KPID currently has 12 student operators from six Kivalliq hamlets taking heavy-equipment training in Morrisburg, Ont.
Cumberland Resources Ltd., which owns and operates the Meadowbank site, has supplied KPID with a breakdown of the jobs that will be available at Meadowbank and the types of equipment that will be used.
KPID is working with the Morrisburg facility to tailor its program to fit those needs.

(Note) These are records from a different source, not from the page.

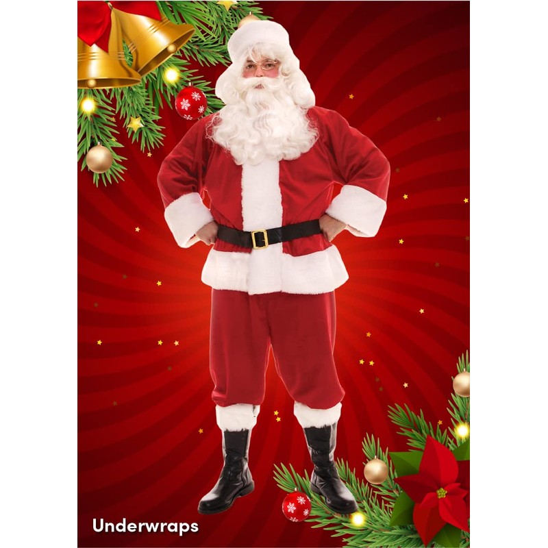 Underwraps Men's Plush Santa, Red/White/Black, One Size
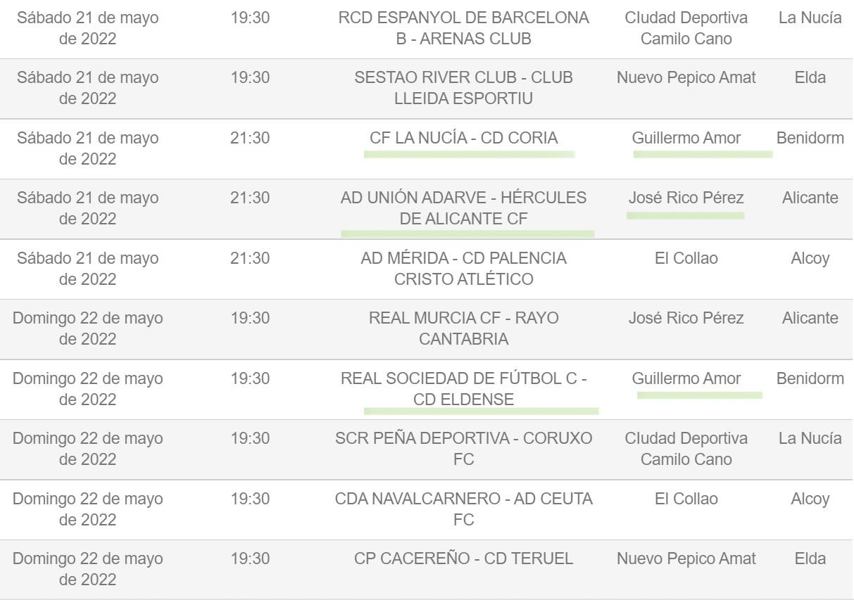 Mientras que el choque La Nucía-Coria se jugará el sábado desde las 21:30 horas, el Real Sociedad C-Eldense se disputará desde las 19:30 horas del domingo.
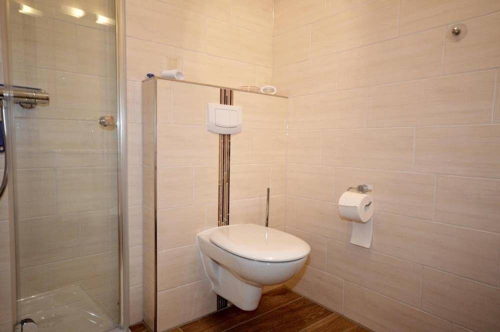 Das neue Dusch-Bad lädt zum Verweilen ein. Ein Kosmetikspiegel steht zur Verfügung - ebenfalls ein Fön.
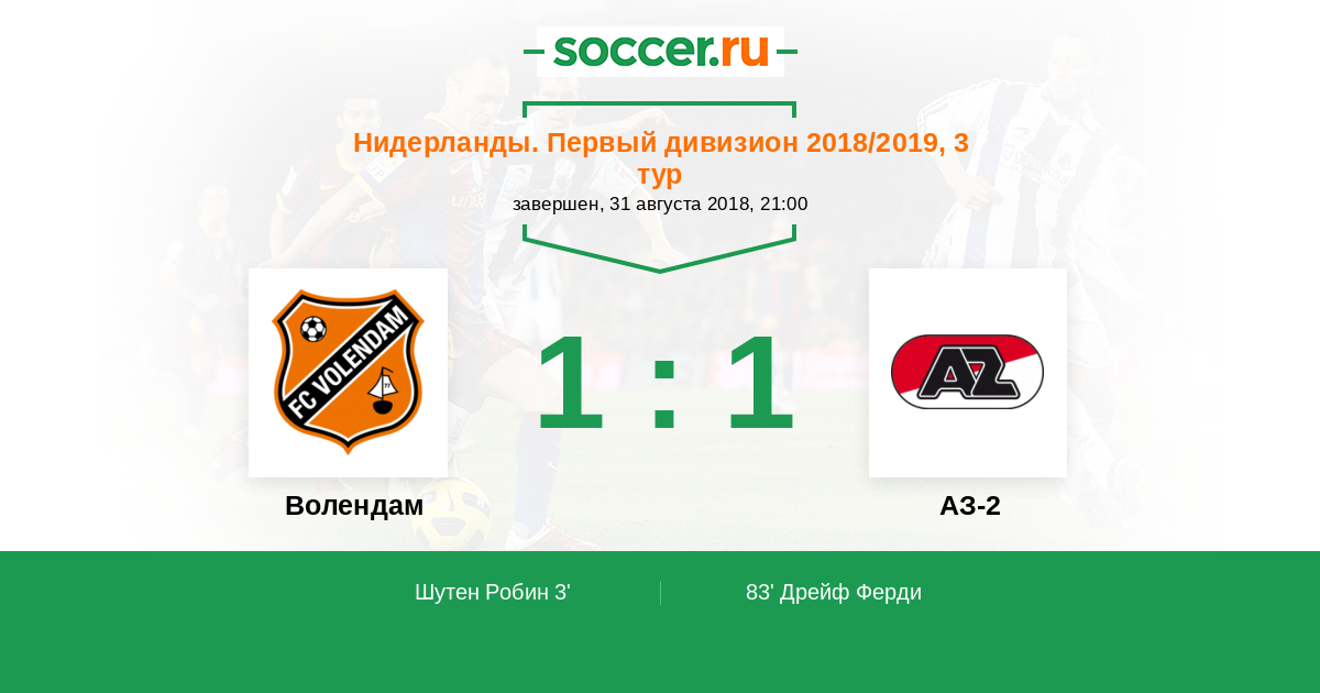3' ГолЛоготип ВолендамШутен Робин (2) - 1:0
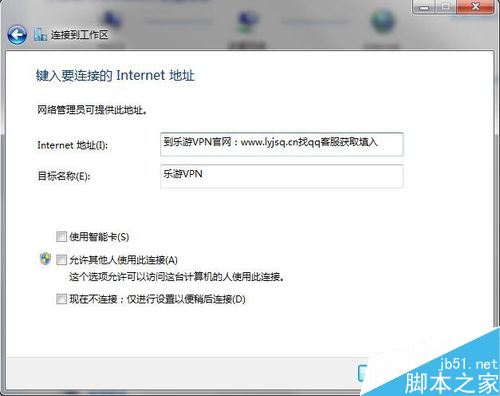 然后使用我的internet网络连接,输入目标地址和账号密码点连接
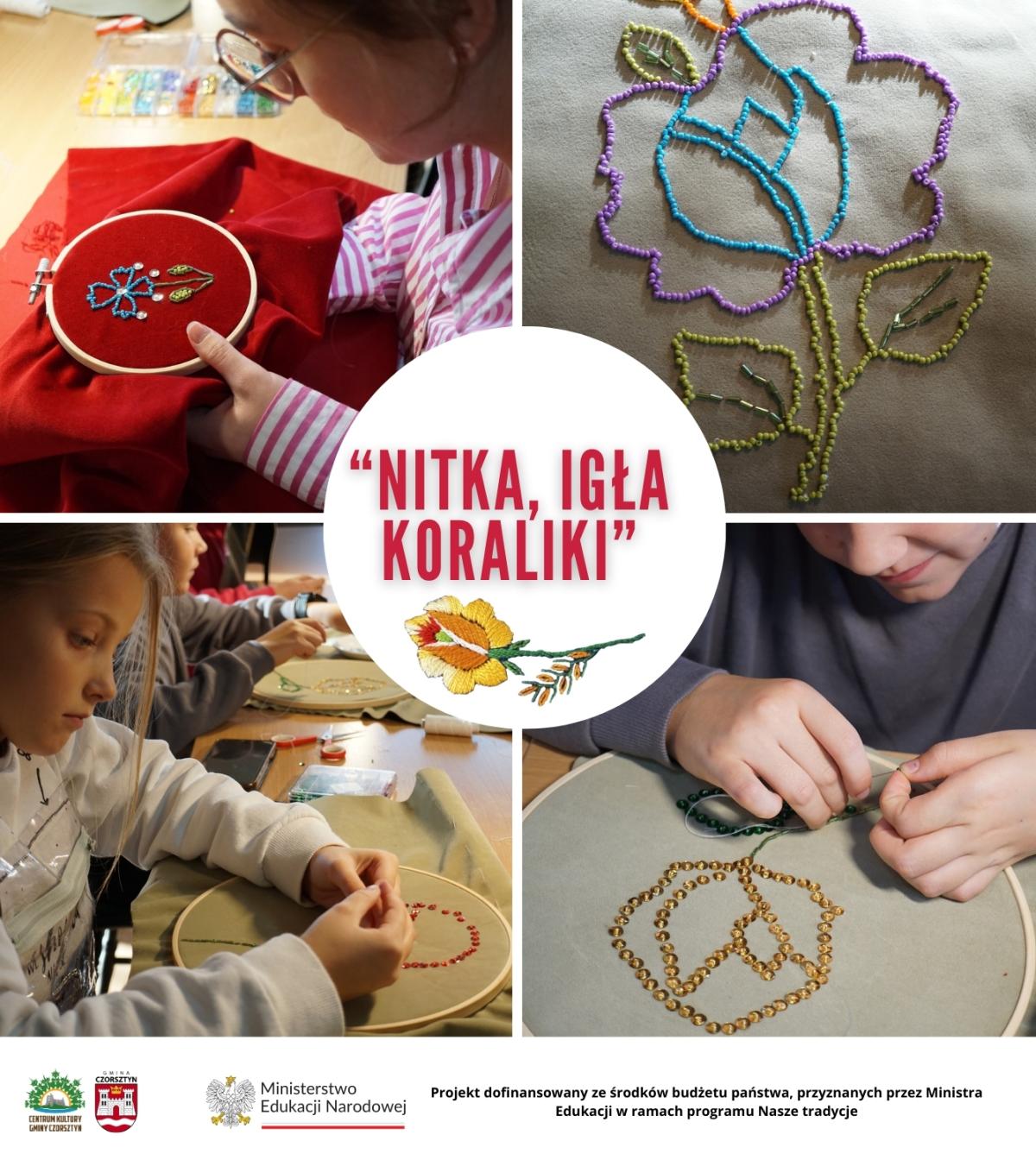 4. Nitka, igła, koraliki (Haft podhalański) – nauka podstaw haftu, łączenia nici, cekinów i koralików, inspirowana dawnymi zdobieniami strojów góralskich i pienińskich.
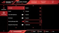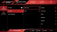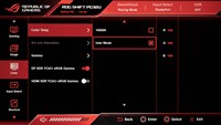 Среди уже хорошо известных технологий, применяемых в мониторе, мы можем отметить игровые режимы GameVisual, наэкранные помощники GamePlus, систему высветления теней, а среди новых: лёгкий переход от широкого цветового охвата к эмуляции sRGB для любого из предустановленных режимов и OLED-дисплей небольшого размера для вывода различного рода информации.
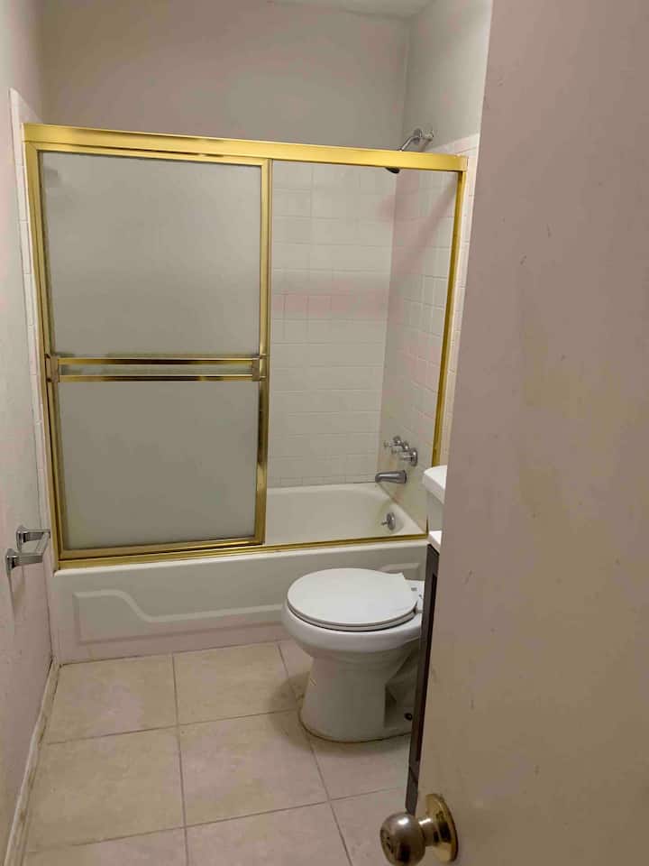 This place has a half bathroom that’s connected to your room.
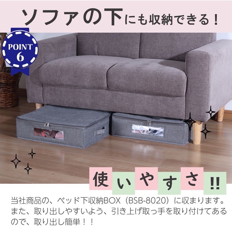●別売のベッド下収納ラック(BSB-8020シリーズ)にぴったり2個収まるサイズ。
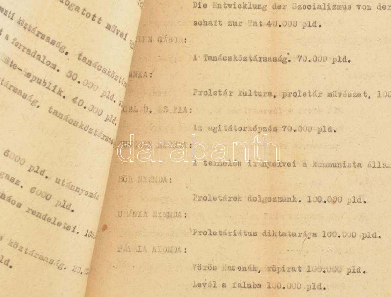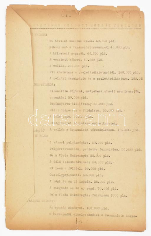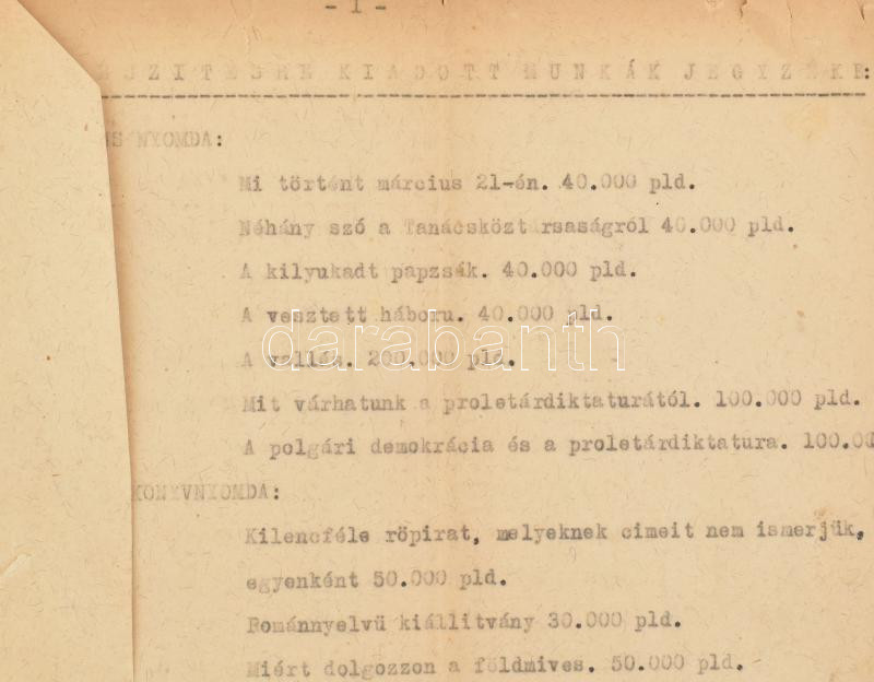 1919 "Készítésre kiadott munkák jegyzéke". A budapesti nyomdák számára utasításba adott röpiratok, politikai és propaganda kiadványok, hirdetmények listája, címekkel és nyomtatási példányszámokkal. Gépirat, fűzve, kisebb sérülésekkel, 19 p.
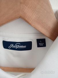 Maglietta polo bianca a maniche corte con colletto e abbottonatura, in poliestere. Taglia L. Nuovo senza cartellino.
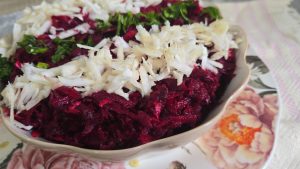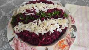 Va recomand si salata Suba cu sfecla rosie, o salata in straturi foarte gustoasa.
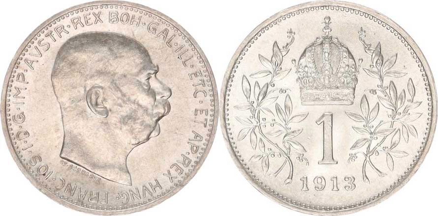 František Josef I.(1848-1918), 1 Koruna 1913 b.zn.
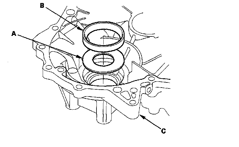 4. Install the thrust washer (A) and outer race (B) in the torque converter housing (C), and use the special tools to make sure the outer race bottoms out in the housing.
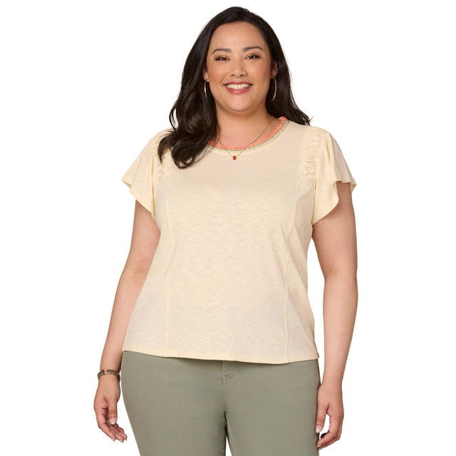 Give your everyday wardrobe a refresh with this must-have staple knit tee in plus sizing. Its designed with short sleeves, ruched armholes, an intricate crochet scoop neck, seaming details, and a slightly sheer fabric. 60% cotton, 40% modal. Front length approx. 27 1/2 in. Back length approx. 26 1/4 in.
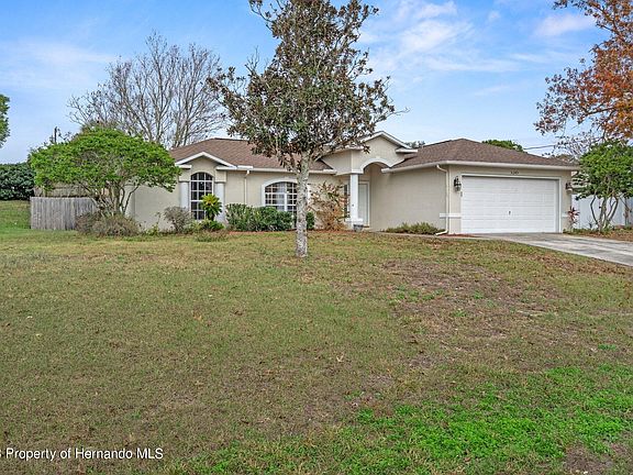Active under contract. -Accepting backup offers. Come see this wonderful home! The split floor plan and spacious living areas make it perfect for entertaining guests or enjoying time with family. The newer roof, HVAC system, water heater, and stainless steel appliances are all great features that add value and convenience to the home. The fact that the sinkhole has been repaired with documentation and the home is fully insurable is also reassuring. Additionally, the proximity of the fire hydrant may result in insurance discounts, which is a great bonus. The large lanai is a wonderful place to relax and enjoy the beautiful Spring Hill neighborhood. Overall, it is a move-in ready home that would make a great place to call your own.
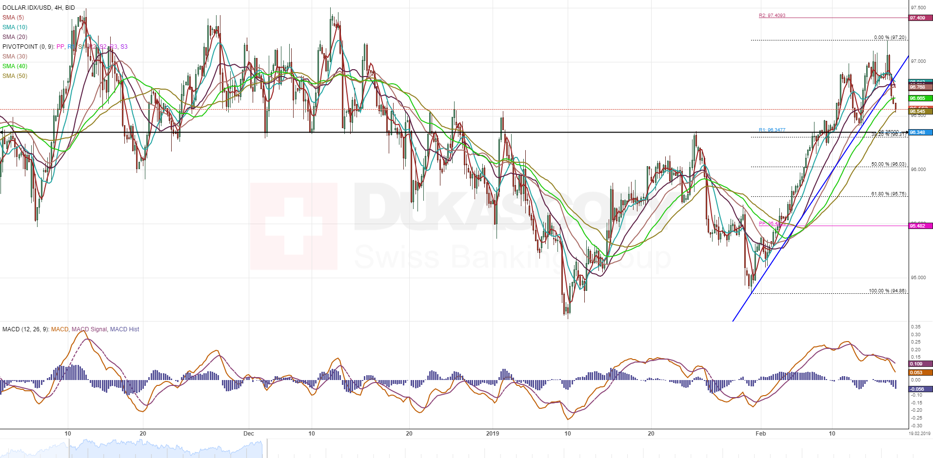 近期,美元强者归来。自鲍威尔在1月末的利率决议中发表鸽派言论之后,本月美元指数一路高歌猛进逼空上涨,日线收获8连阳并且一举突破97关口,目前距离去年高点97.50仅一步之遥。本周,美国将相继发布CPI以及PPI等重要宏观经济数据,美元短线或面临压力。 美元短线压力主要体现在几个方面。首先,通胀率下行或进一步降低美联储加息概率,成为短期趋势转空的动力源头。由于原油价格下行,全球经济增速回落,美国1月CPI预期将进一步回落至1.5%的水平,或为两年以来的新低,12月份这一数字为1.9%。这将远低于美联储将通胀利率维持在2%的目标值。该数据的进一步滑落将进一步影响美联储
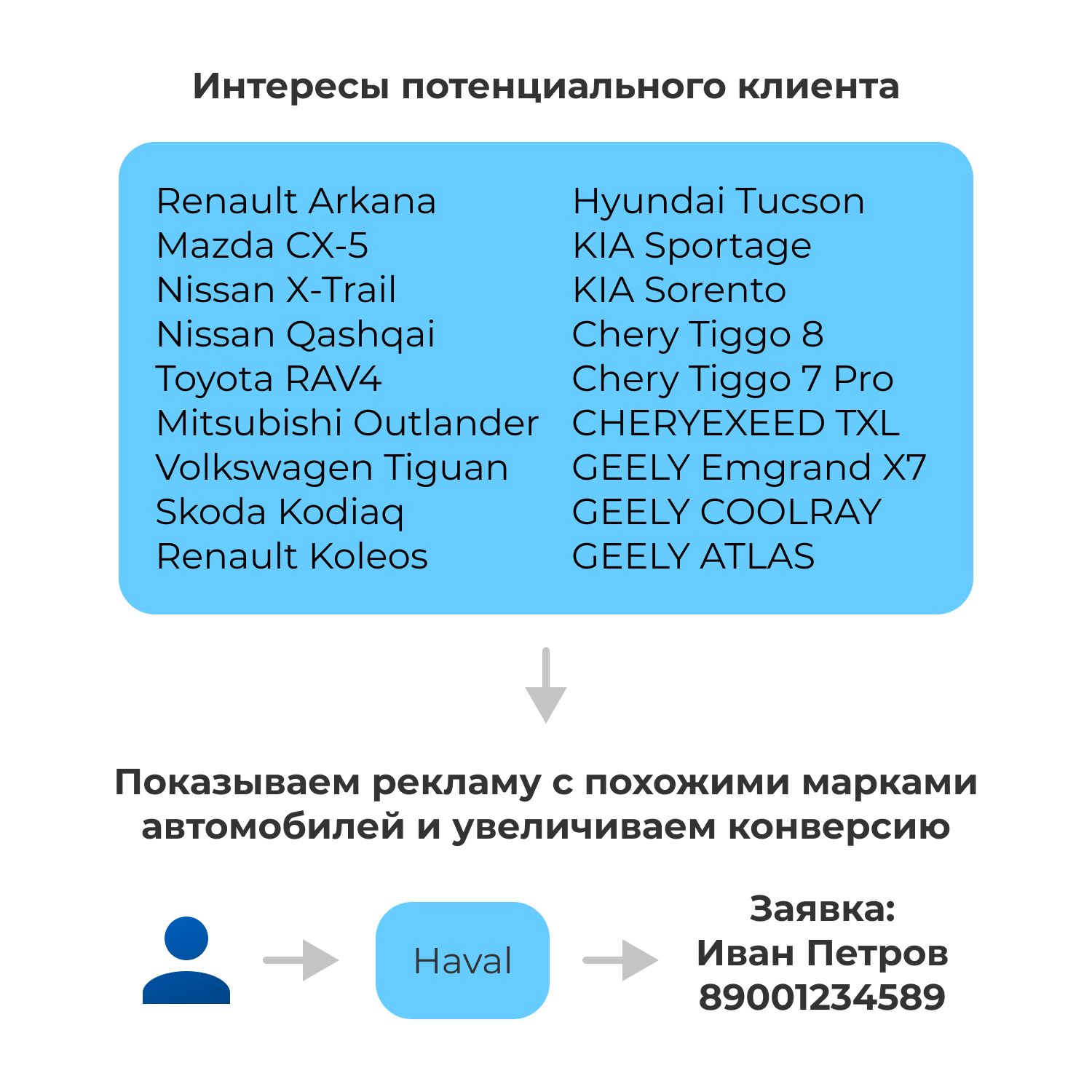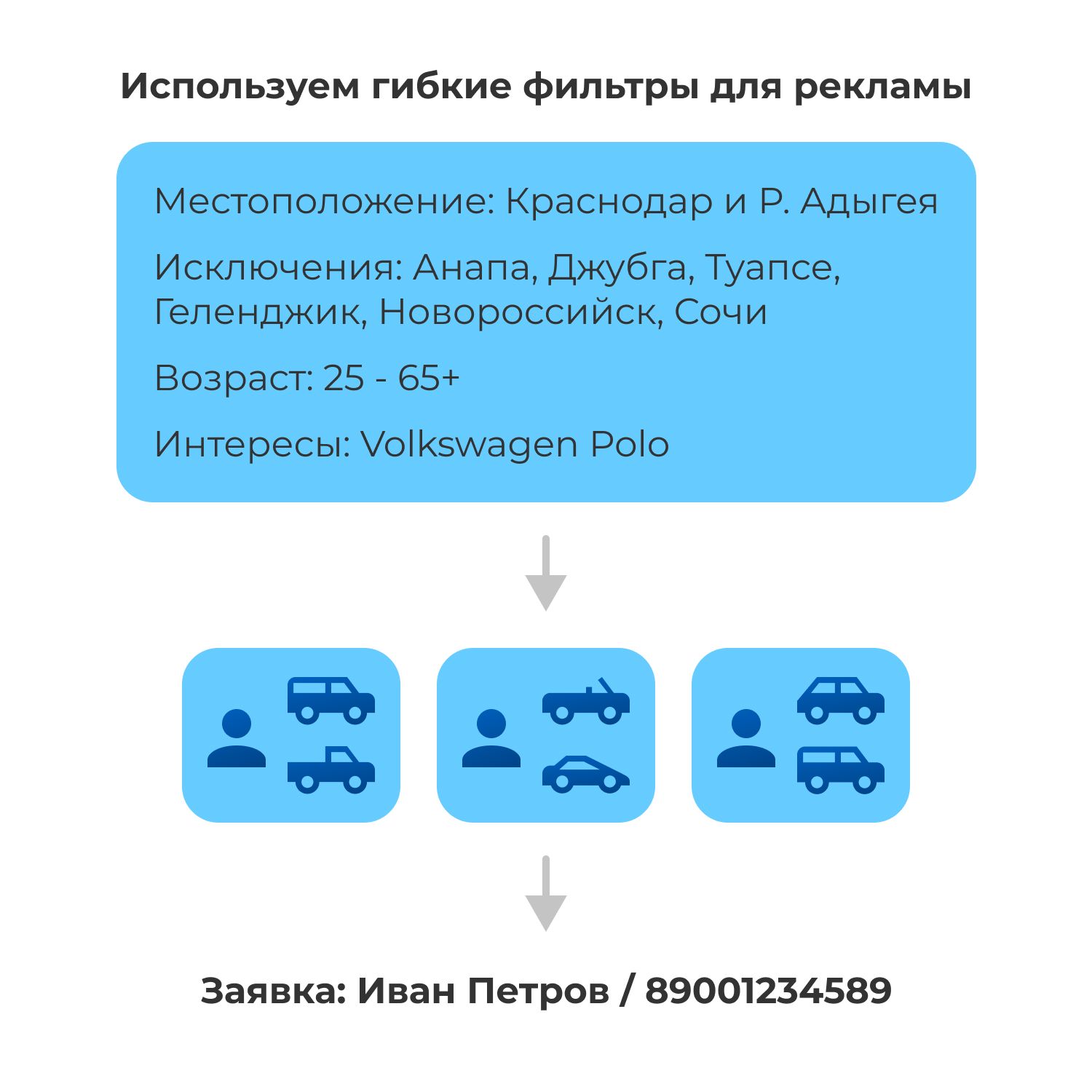 Берём базу контактов, которые у нас уже купили автомобиль или просто оставили контакт и загружаем эти базы в рекламные площадки.

Chief-executive officer Ron Dewar said KPID has also developed Canadian Council contacts concerning the Environmental Cleanup Strategy.
He hopes to combine skill sets from the two programs to produce a group of top-notch operators.
"The cleanup strategy teaches operators how to work in an environment that contains toxic materials," said Dewar.
"With the feds committing so much money to the DEW Line cleanup, we're hoping one of our visions will evolve into something tangible, and we'll be able to provide joint training between the two programs.
"That way our operators will have both skills and be able to make themselves more flexible."
KPID is working with the Morrisburg training facility to refine the heavy-equipment program even further for its next group of participants in early 2007.
Dewar hopes that course will include instruction on how to operate the huge rock, or haul, trucks.
"There's a lot of extra training involved with handling those vehicles, including air-brakes, the transportation of dangerous goods, workplace hazardous materials information system (WHMIS) and first-aid.
"You need to have dangerous goods, WHMIS and first aid in your pocket when you climb into a rock truck.
"We hope to train our next group on the rock truck and one additional piece of equipment, such as a grader."